Quando era bem pequeno, na época em que minha cabeça ficava na altura do teclado, o piano me encantava. Havia um no salão paroquial, e todo tempo que eu conseguia ficar a sós com ele era considerado sagrado. Eu passava um tempão descobrindo o som de cada tecla, ou o que acontecia se eu pressionasse um dos pedais. Eu não sabia o que era ressonância; não podia acreditar que uma ação tão simples poderia transformar a nave da nossa igreja em uma catedral. Eu me lembro da minha mão encontrando uma nota e depois procurando outra para rimar com ela. E outra. Nasci com melodias na cabeça e estava à procura de uma maneira de ouvi-las no mundo. Iris não buscava esse tipo de sinal, por isso não viu.

Quando minha avó decidiu vender o piano dela, minhas insinuações sobre como ele ficaria bem na nossa casa não poderiam ter sido menos sutis. “Não seja bobo, onde a gente vai colocar isso?”. Nada de piano na nossa casa. Não tinha espaço.

Quando fui entrevistado na St. Patrick’s Cathedral, uma escola no centro da cidade, o diretor perguntou se eu teria algum interesse em fazer parte do famoso coral de meninos. Meu coração de garoto de 11 anos se animou. Mas Iris, sentindo meu nervosismo, respondeu por mim: “De jeito nenhum. Paul não está interessado em cantar.”

A St.
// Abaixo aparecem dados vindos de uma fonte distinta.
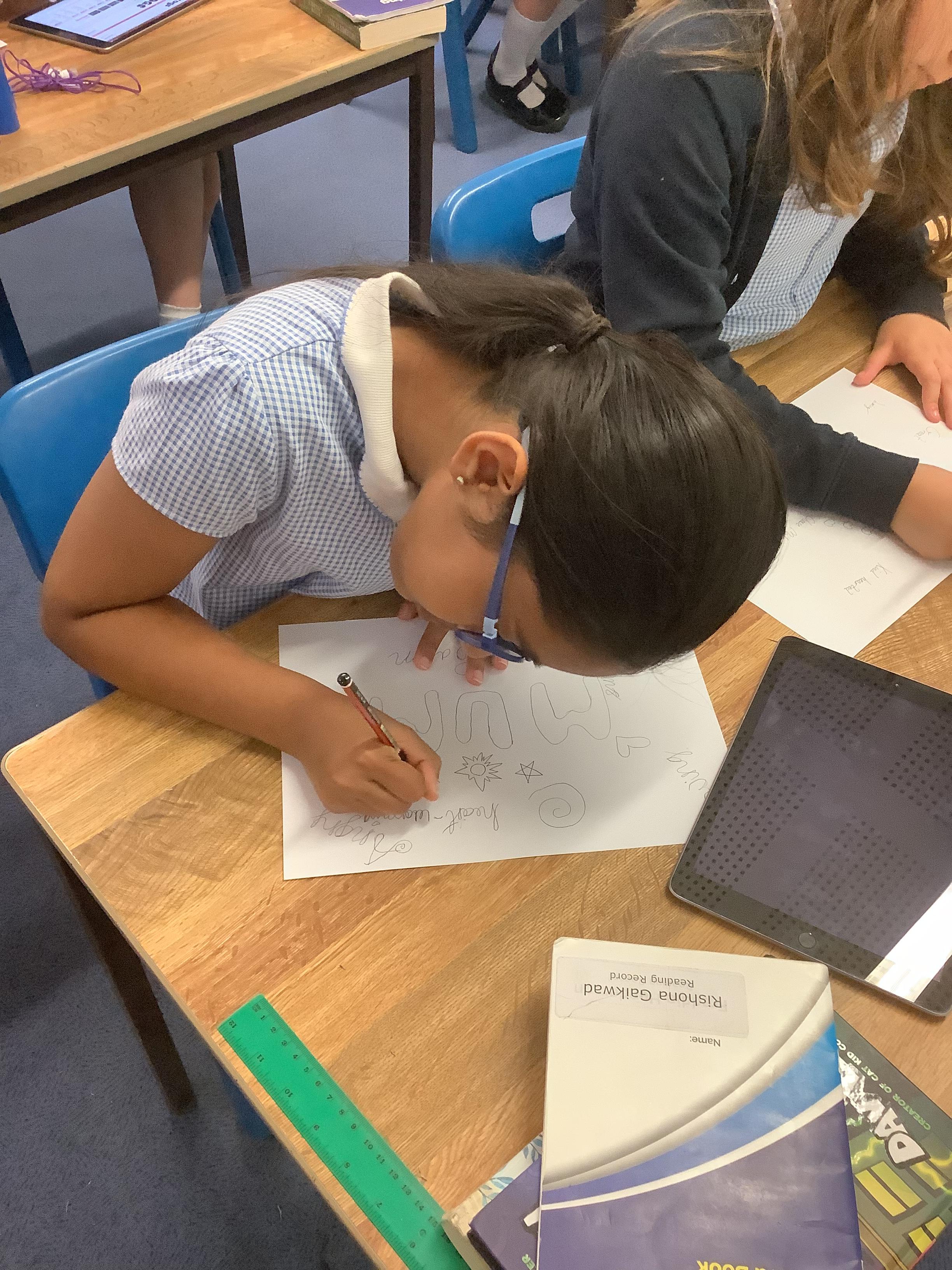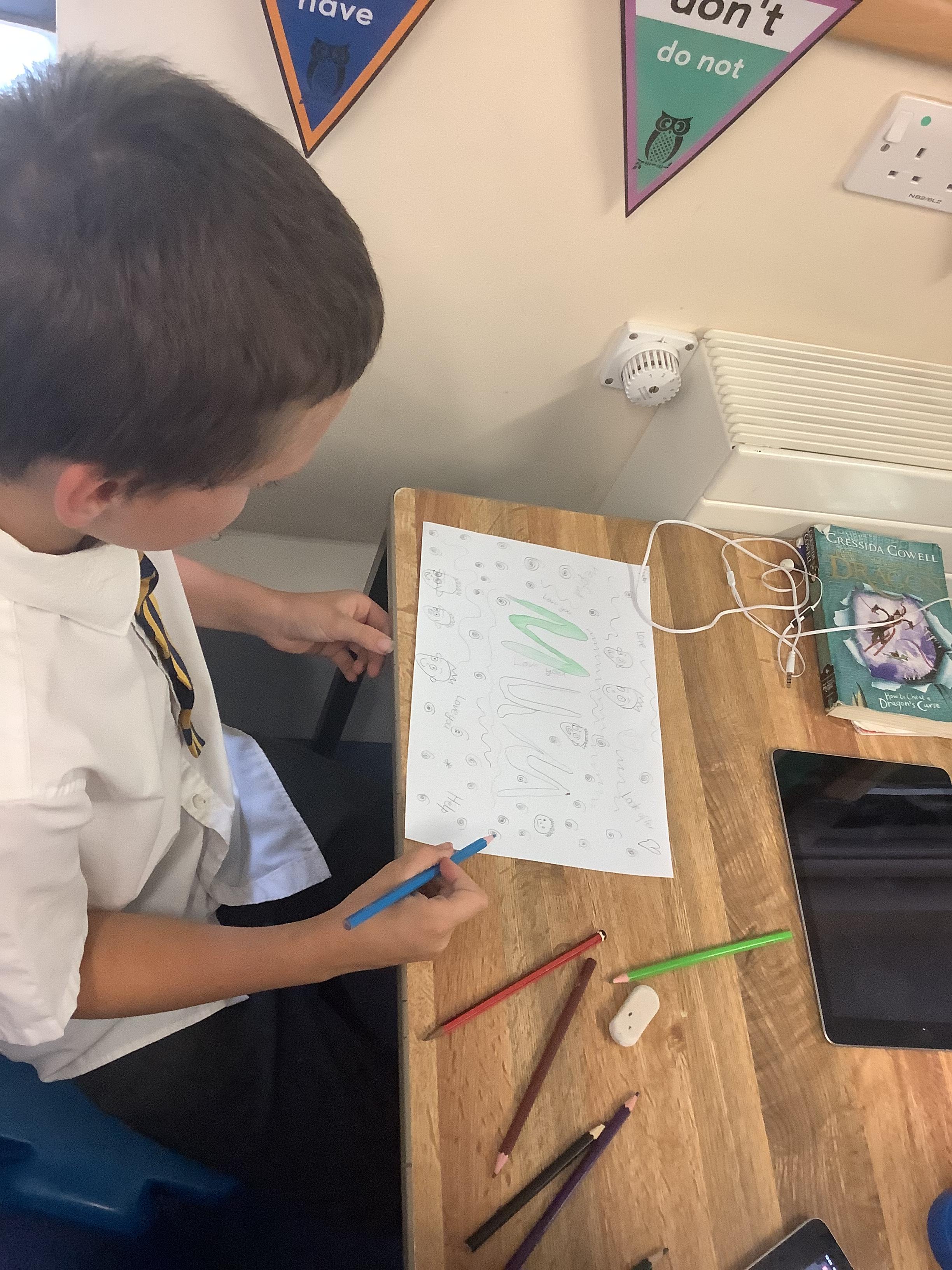 For our week of prayer, the children created prayer doodles. They chose someone that they wanted to pray for and then drew pictures and wrote words around their person.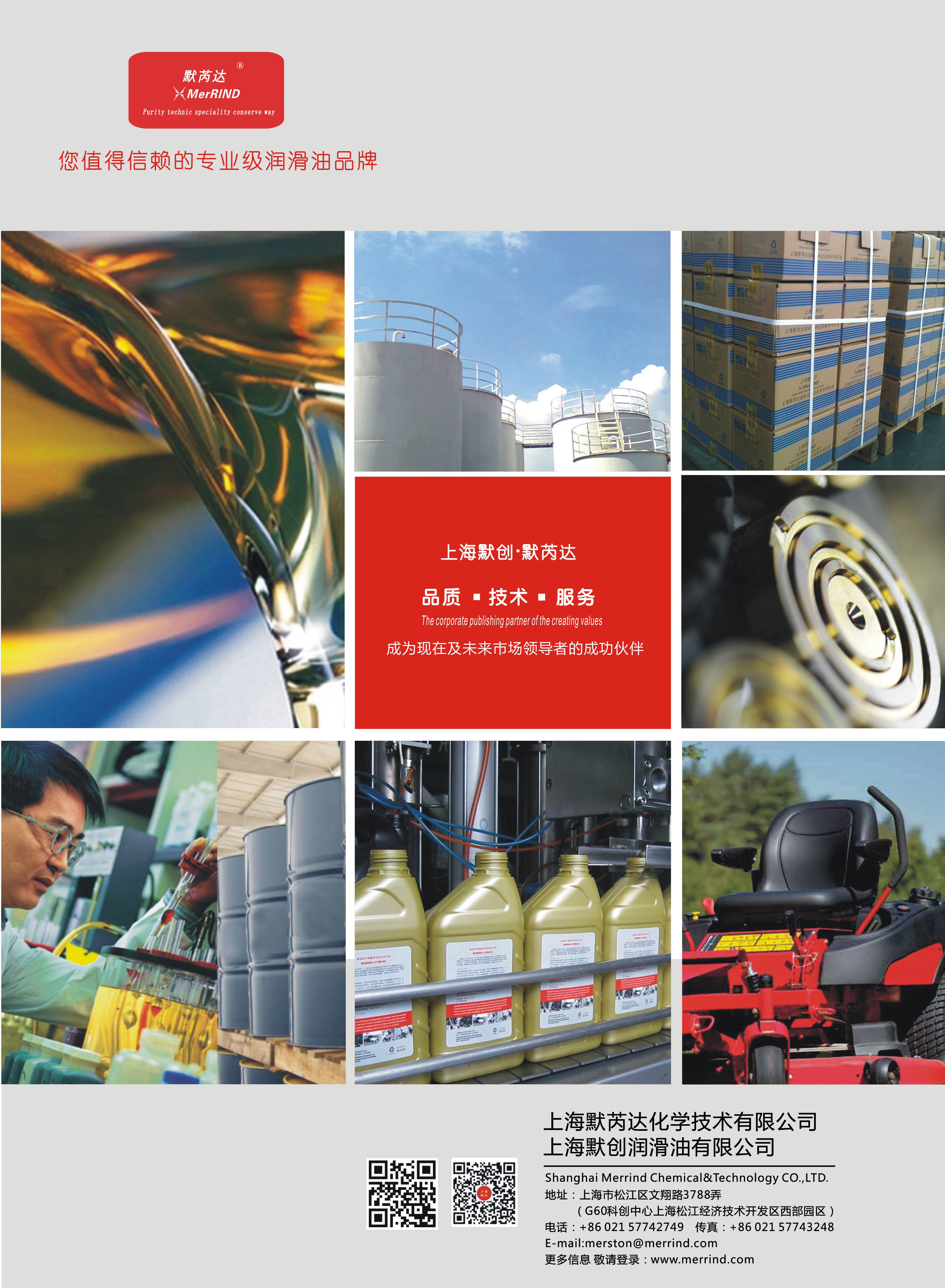 延伸阅读:默芮达®品牌始建于2008年,默芮达化学技术长期致力于国内高端细分润滑市场领域。我们凭借在行业中积累的经验和专业技能,以及创新产品与技术来帮助我们的合作伙伴提升其在市场中的竞争力。企业经过长期不懈努力与坚持,已经为国内诸多企业提供精益、绿色、高质量的专业级默芮达润滑产品与化学产品。诸如东方精工集团、华域车身、农夫山泉、钢诺股份、长城汽车、奥克化学股份、欧玮机械、新常泰汽车零部件、海泰科特精密材料、奥迈机器人、龙工、宇森百联、爱仕达自动化、泰利制造、万鸿汽车零部件、京瓷利优比、爱驰新能源、康克莱自动化等行业知名企业。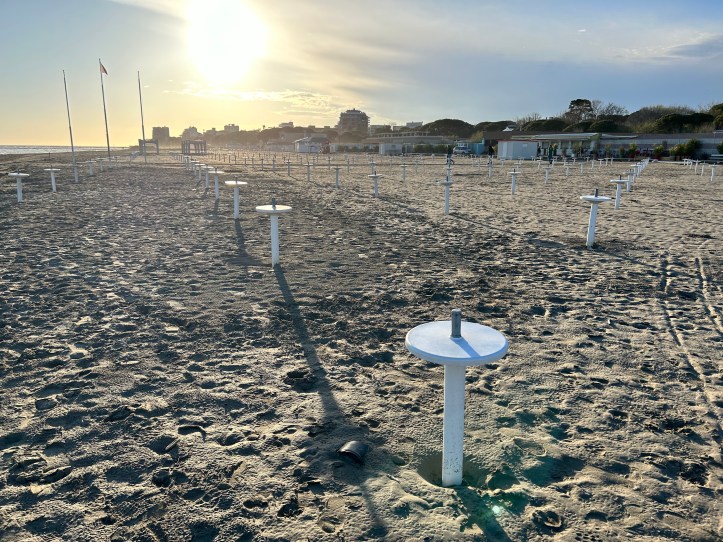 Au weia, das war nix: Ostern ist in Grado sauber ins Wasser gefallen. Besonders der Ostermontag war heftig verregnet, und das ist besonders bedauerlich, denn an jenem Tag veranstalten die Italiener traditionell die grigliata di pasquetta, ein Barbecue unter Freunden – während die familiären Verpflichtungen am Ostersonntag abgegessen und weggetrunken werden. Diese Barbecues sind so eine Art inoffizieller Auftakt in die Saison. Also müssen wir nächstes Wochenende feiern.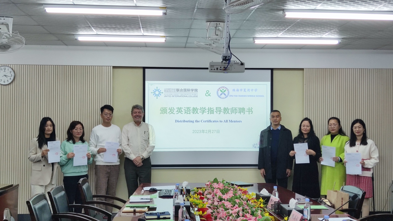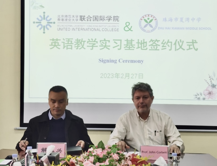 2023年2月27日下午,珠海市夏湾中学与北京师范大学-香港浸会大学联合国际学院(UIC)在夏湾中学完成共建英语教育专业实习基地的签约及挂牌仪式。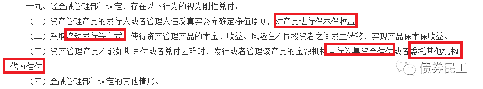 指導意見中,對于剛性兌付的具體類型界定非常明確:保本保收益、資金池保本保收益以及自籌或者委托其他機構代償資產產品。這幾種類型都是金融機構進行剛性兌付的常用手段。從一個角度來看,這也是投資者依賴剛性兌付的根源。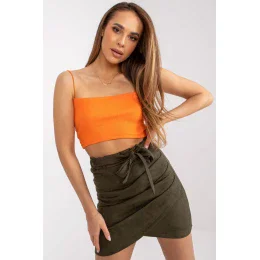 Krátka sukňa s asymetrickou prednou časťou, doplnená opaskom na zaväzovanie. Elastan 5%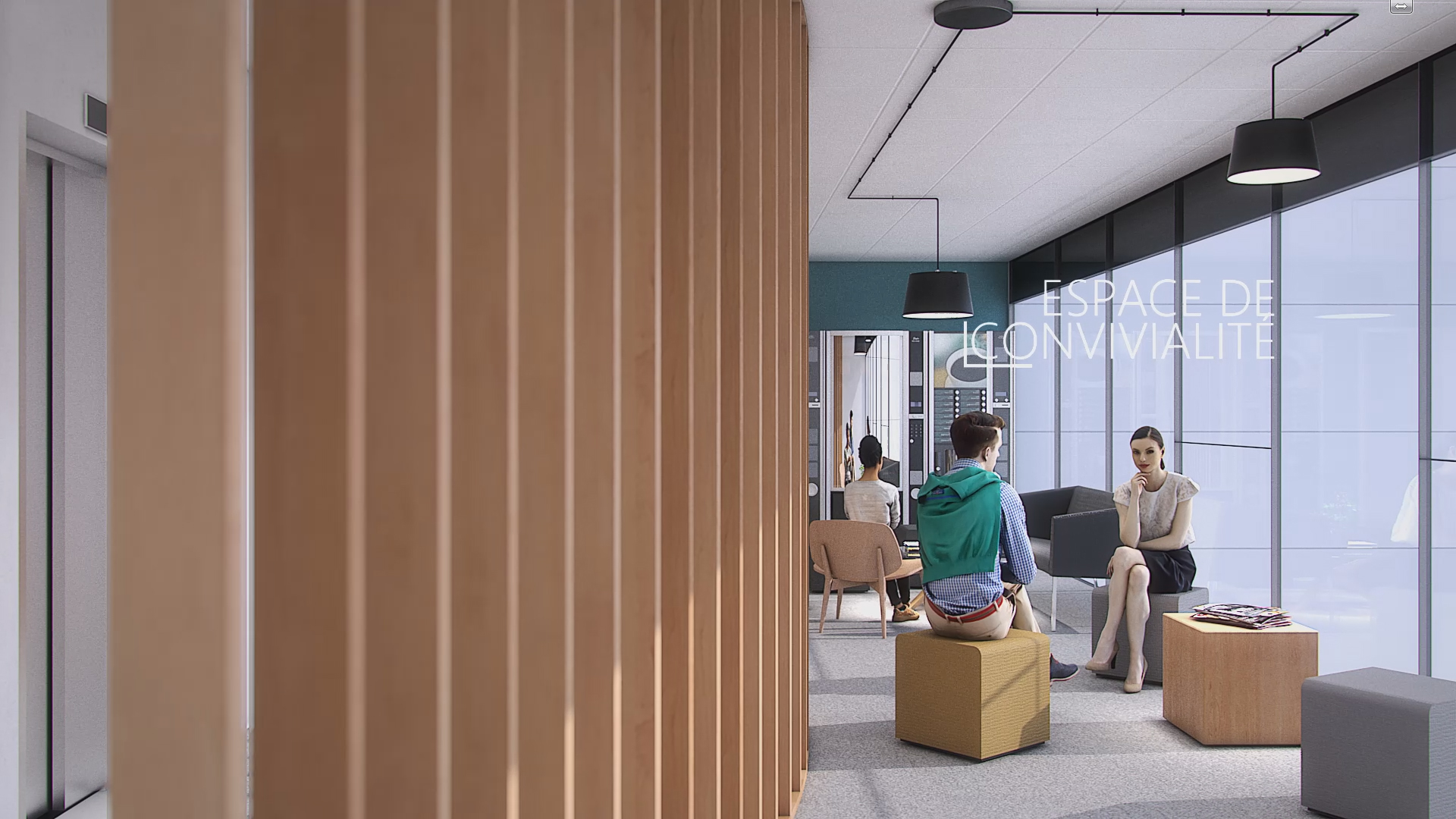 Le projet se présente en deux volumes principaux compacts et de forme géométrique rectangulaire simple, reliés par une passerelle habitée intégrant le hall d’accueil au rez-de-chaussée et des espaces de convivialité dans les étages.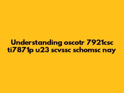 Understanding Oscotr 7921csc Ti7871p U23 And More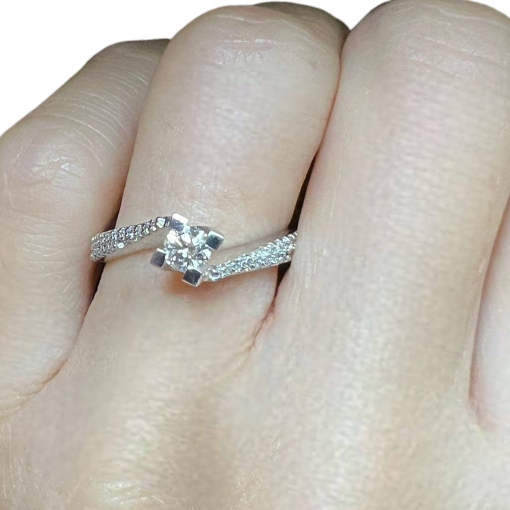 Anello solitario di diamanti a contrarié Cipolla dal 1950 Gioiellieri COLLEZIONE ABBRACCI, lavorazione artigianale; Montatura in oro bianco 750% 18 kt, Diamante centrale peso 0,31 ct taglio brillante colore F purezza VS2 diamanti su gambo 0,18 ct colore F purezza VS2.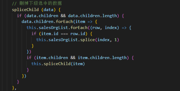 4、父级勾选时删除掉自己勾选过的数据。相当于删掉“池子”里原本属于子级的数据(使用递归查找树形结构数据)。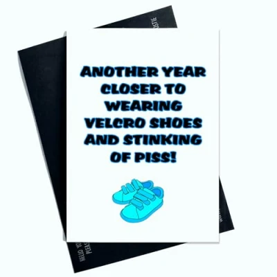 Another Year Closer To Wearing Velcro Shoes And Stinking Of Piss Funny Joke Card Birthday Card For Him For Her Novelty Greeting Card AP33
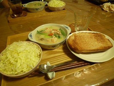 お出かけする前に大体ごはんは作って行きます。偶然にも鍋にて大正解!

Patrick’s Cathedral não tinha sido boa para mim, e eu também não fui bom para eles. A gota d’água foi uma professora de espanhol conhecida como Biddy, que eu estava convencido de que riscava o meu dever de casa sem nem olhar para ele. Quando o tempo estava bom, Biddy ia com seu Tupperware transparente até um banco de parque para almoçar à sombra da magnífica Catedral de São Patrício, a maior do país. Os meninos da escola St. Patrick’s não podiam ir ao parque na hora do almoço, mas encontrei uma maneira de subir nas grades e, um dia, com ajuda de alguns cúmplices, arremessei um cocô de cachorro que caiu dentro do Tupperware dela. Não surpreende que, no final daquele semestre, Biddy quisesse esse merdinha aqui o mais longe possível, e sugeriu-se que eu poderia ser mais feliz em outro lugar. Então, fui para a Escola Experimental Mount Temple.

A Mount Temple foi uma libertação. A escola era um experimento de educação mista e não denominacional, algo notável na época para a conservadora Irlanda. Em vez de classes A, B e C, as seis classes do primeiro ano eram D, U, B, L, I e N. Éramos estimulados a ser nós mesmos, a ser criativos, não usávamos uniforme. E tinha meninas. Que também não usavam uniforme.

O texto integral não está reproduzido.